Estresse paterno pode prejudicar bebê

Estudo avalia impacto do relacionamento dos pais na gravidez

Londres – Um estudo divulgado durante um encontro do Royal College of Psychiatrists, em Londres, mostra o impacto do estresse paterno durante a gravidez. A figura do pai, que está longe de ser a de um mero observador durante a gravidez, pode influenciar o desenvolvimento mental do feto, diz a pesquisa. Ou seja, a influência paterna ocorre na sua relação com a parceria e nas possíveis situações de estresse vivenciadas pelo casal.

"O parceiro possui um papel importante a desempenhar quando se trata de saber como a criança evoluirá durante a gravidez", disse Vivette Glover, do Imperial College London.

Vivette demonstra em seu estudo que a fase de desenvolvimento do bebê ainda dentro do útero é um fator importante, mas seus genes e educação também contam no modo como a criança se desenvolverá. "Descobrimos que isso (o estresse) afeta tanto o desenvolvimento mental quanto o emocional do bebê", de acordo com a pesquisadora.

O estudo analisou 123 mulheres e acompanhou o desenvolvimento dos filhos delas até os 18 meses de idade. "Foram identificados dois tipos de estresse. Um é o estresse resultante da ansiedade e de um histórico de transtornos mentais. Mas o outro é o estresse decorrente da relação com o parceiro", afirmou.

Pesquisadores já haviam analisado anteriormente que uma criança estaria mais apta a desenvolver problemas comportamentais, distúrbios cognitivos e ansiedade em casos de a mãe ter enfrentado estresse durante a gravidez.

Em pesquisas com animais, os cientistas apontaram que o estresse materno pode ocasionar alterações no desenvolvimento neurológico de seus filhotes no longo prazo.

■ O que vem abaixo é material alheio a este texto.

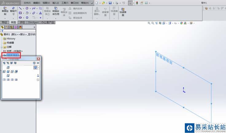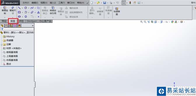 3、繪制草圖:鼠標左鍵單擊草圖--前視基準面--正視于,進入草圖界面即可繪制草圖。

Durante o seu estudo, Vivette observou que nem todos os bebês haviam sido afetados pelo estresse materno. No entanto, a pesquisadora orientou as mulheres grávidas que relataram estar estressadas a procurar ajuda de um médico. "A maior parte das crianças acaba saindo-se bem. O estresse apenas aumenta os riscos, e os efeitos dele dependem, em primeiro lugar, de uma vulnerabilidade genética. Algumas crianças podem ter mais propensão para serem ansiosas."